Identifying your stakeholders

Understanding the needs, perceptions and experience of stakeholders should lie at the heart of the local economic assessment (LEA) testing process. It is highly likely that shifts in policies, structures and governance will result in the stakeholder community for the LEA expanding and changing over time.

You need to devise a framework that will enable you to compare and contrast the views, experiences and added value of the LEA over a range of stakeholders at both local and regional levels.

Identifying your stakeholders

Organising an early brainstorming session with the LEA team to identify stakeholders is an effective means of capturing the full range of likely stakeholders. This should be added to as discussions take place with different internal departments and external interests. The stakeholder mapping tool developed for this purpose can be found here.

Remember that different stakeholders can perceive the same issue in quite different ways depending on their vested interests, their priorities at the time and their experiences of the organisation or people leading the work. The concerns and objectives of different stakeholders and stakeholder groups are sometimes in conflict.

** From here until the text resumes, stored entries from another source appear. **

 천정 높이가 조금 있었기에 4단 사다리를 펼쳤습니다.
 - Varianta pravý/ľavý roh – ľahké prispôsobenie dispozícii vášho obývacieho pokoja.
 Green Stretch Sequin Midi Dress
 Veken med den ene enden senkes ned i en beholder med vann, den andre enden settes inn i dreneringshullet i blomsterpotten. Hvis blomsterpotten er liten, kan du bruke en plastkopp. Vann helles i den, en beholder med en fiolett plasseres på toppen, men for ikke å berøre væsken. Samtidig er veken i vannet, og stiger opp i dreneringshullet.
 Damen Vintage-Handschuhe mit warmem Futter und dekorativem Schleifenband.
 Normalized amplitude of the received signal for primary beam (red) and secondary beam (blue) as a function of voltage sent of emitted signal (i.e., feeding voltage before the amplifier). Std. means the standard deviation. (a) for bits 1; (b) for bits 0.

Segmenting your stakeholders

You should consider developing a simple set of criteria in order to help prioritise which stakeholders should be allocated time and effort to build or maintain strong relationships.

All the stakeholders could be given a score of 1 to 3 - 3 being the highest score, 1 being the lowest - according to an assessment of the following three attributes:

  • Power - the extent to which the stakeholder has direct or indirect influence in the assessment arena: through political networks, membership of bodies or the size and nature of the mandate that supports their activities, powerful stakeholders are able to exert strategic pressure effectively, often for their own gain.
  • Legitimacy - the strength of the mandate supporting the activities of the stakeholder in question: determined by the size and breadth of the organisation's membership, electoral support - where relevant - budget and or geographical reach.
  • Alignment - the extent to which each stakeholder's objectives and activities are strategically consistent with those of the LEA's purpose and scope.

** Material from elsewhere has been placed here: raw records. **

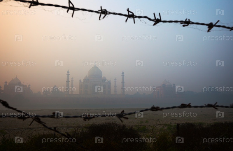 Колючая проволока вокруг Тадж Махала, вид с реки
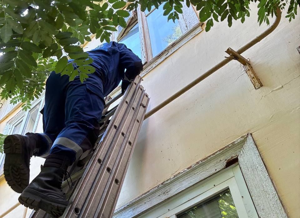 Сотрудники городской аварийно-спасательной службы с помощью лестницы проникли в квартиру через окно.
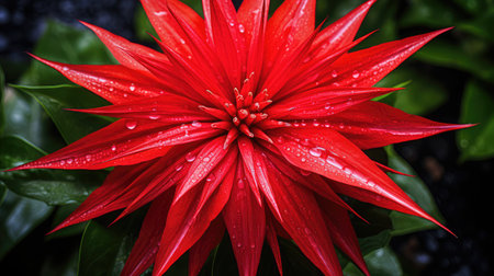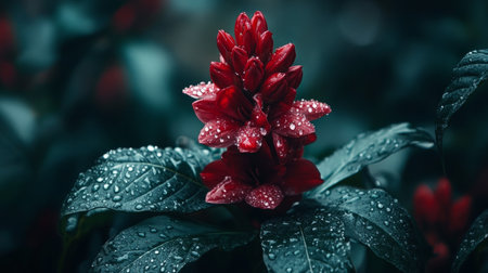 Delicate red ginger flower with water drops on its glossy petals, surrounded by lush green leaves, tropical aesthetic generative ai
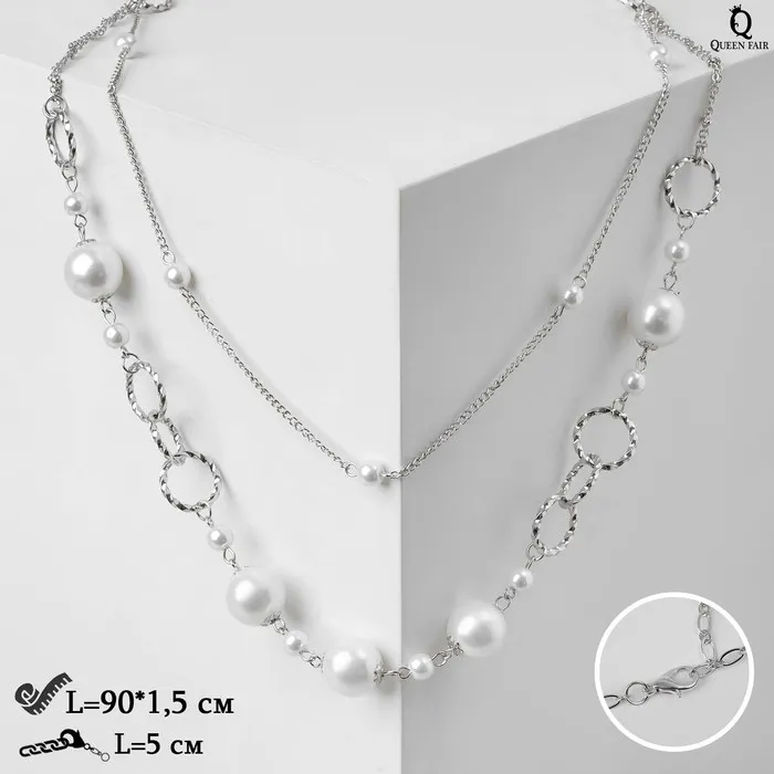 Бусы «Жемчужный мир» кольца с бусинами, белые в серебре, 90 см — Характеристики
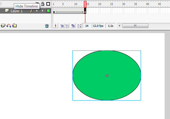 Щелкните правой кнопкой в ячейке первого кадра и в контекстном меню выберите команду «Создать двойное движение» (Create Motion Tween); при этом изображение шара будет автоматически преобразовано в графический символ (визуальным признаком преобразования служит появление точки привязки в центре шара и выделяющей синей рамки).
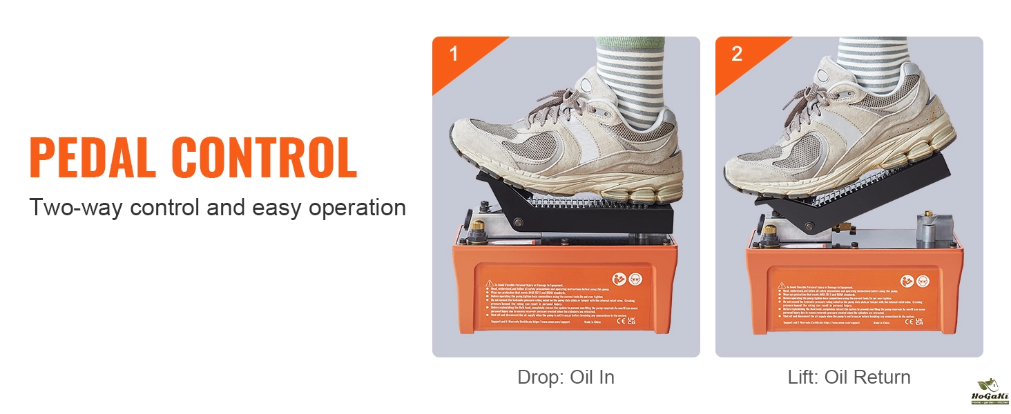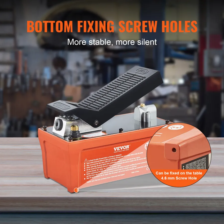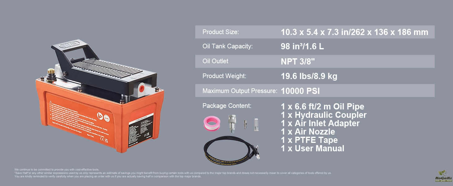 Instant Activation for Effortless Power: Introducing the hassle-free foot-operated air/hydraulic pump, complete with hydraulic oil right out of the box. Say goodbye to tedious setup – simply step on the pedal for effortless pressure application and let it rebound for release. This user-centric design maximizes labor-saving convenience.
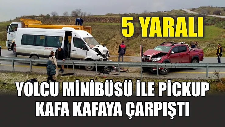 Sürücünün direksiyon hakimiyetini kaybettiği pickup aracın karşı yönden gelen yolcu minibüsüyle kafa kafaya çarpıştığı kazada 5 kişi yaralandı.
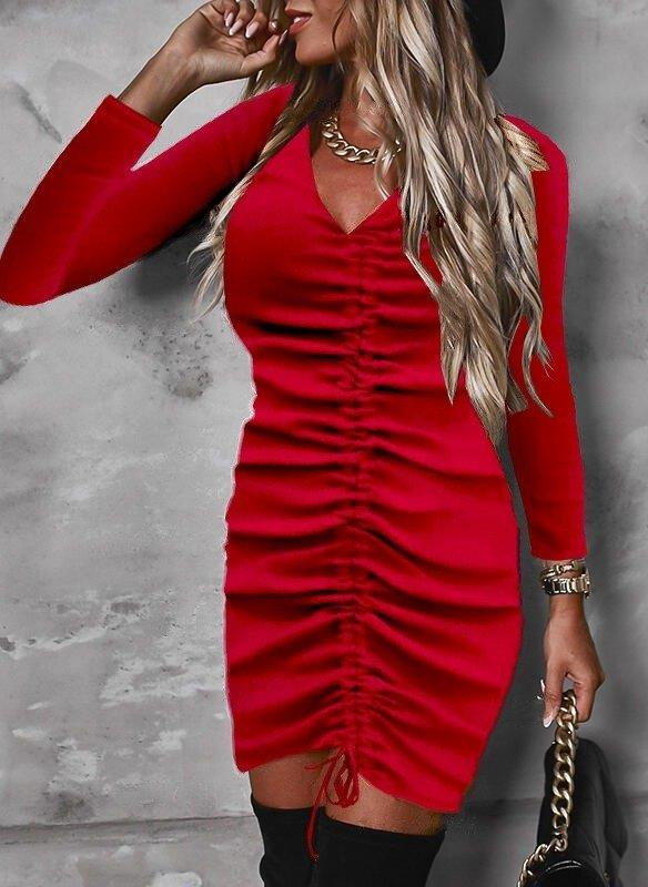 Kadın Uzun Kollu V Yaka önden Yırtmaç Büzgü Detay Kaşkorse Mini Boy Elbise
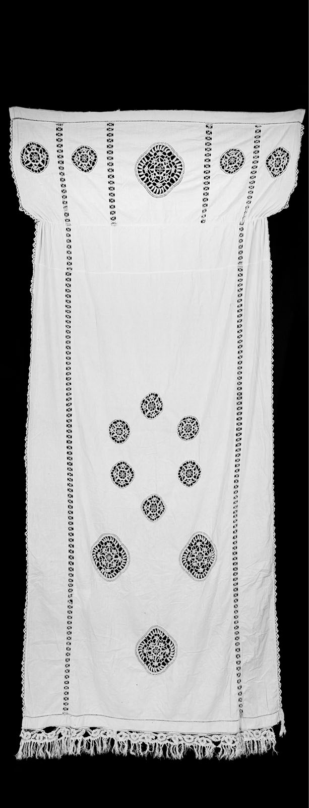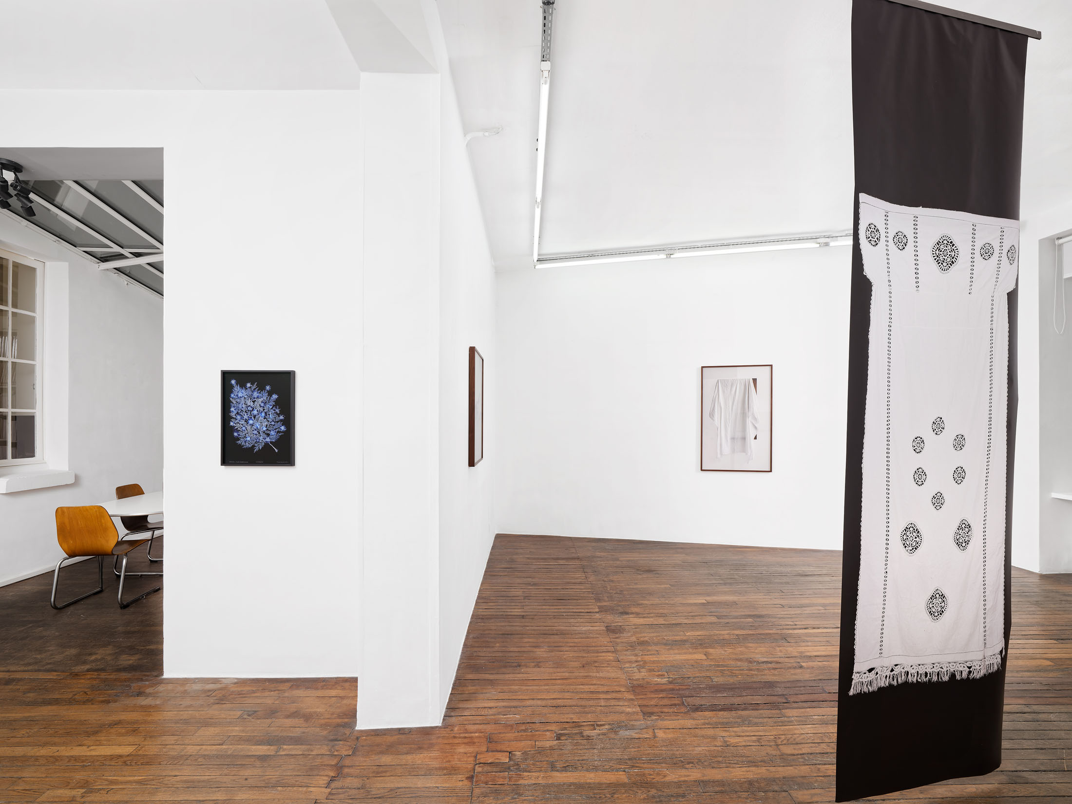 Paper, for Guez, has never been neutral. It holds, it breaks, it carries, it fails. This logic continues in a sculptural photograph suspended from the ceiling: a printed image of a lace curtain once handmade by his grandmother. This curtain, one of the few objects salvaged from the family’s home before their displacement, becomes a poignant trace of what endures. Suspended in space, it becomes a membrane—between interior and exterior, memory and forgetting, visibility and obscurity.

Comparing results using these variables at the local level helps you examine views and findings from different perspectives, to weigh and compare feedback, now and in the future.

Understanding your stakeholders

In order to manage stakeholders effectively it is important to understand the needs and interests of each, including:

  • their goals
  • past reactions
  • expected behaviour
  • the likely impact the LEA will have on them - positive or negative
  • their likely reaction
  • the extent of buy-in and level of support.

Consulting your stakeholders

No one method will work for all given circumstances. However, knowing the people you want to consult with will help you decide which method or methods will work best in your situation, as will the resources and timescales available to you.

At an early stage consideration should be given to how the assessment will be consulted upon. For example, if there is to be a public consultation, you will need to publish the LEA in a format that is accessible for the web and in paper format.

To ensure you get a broad spectrum of feedback your consultation strategy will need to include a variety of reactive and proactive methods. Reactive methods would include making the LEA available on the web and in paper form and outlining a common set of questions you would like feedback on within a specified time period. Proactive consultation methods would include face-to-face and or telephone interviews, focus groups, roadshows, summits and so on. These can be used to reach out to important and or under-represented interests, for example, senior business personnel and lone parents.

Any consultation needs clarity on the parameters of the consultation, that is, what is within the scope of consultation and may be changed as a result and what is not. To have credibility and value the consultation should seek feedback on the relevance, accuracy, and comprehensiveness of the LEA.

As part of the consultation you may want to ask a few partners - with differing perspectives and different learning styles - to ‘pilot' the draft assessment. You could ask them to consider how they would use the assessment in their own areas of work. Taking note of their responses will ensure a better finished product. Similarly use other groups to test the final report. In both cases asking them to give you honest feedback is essential.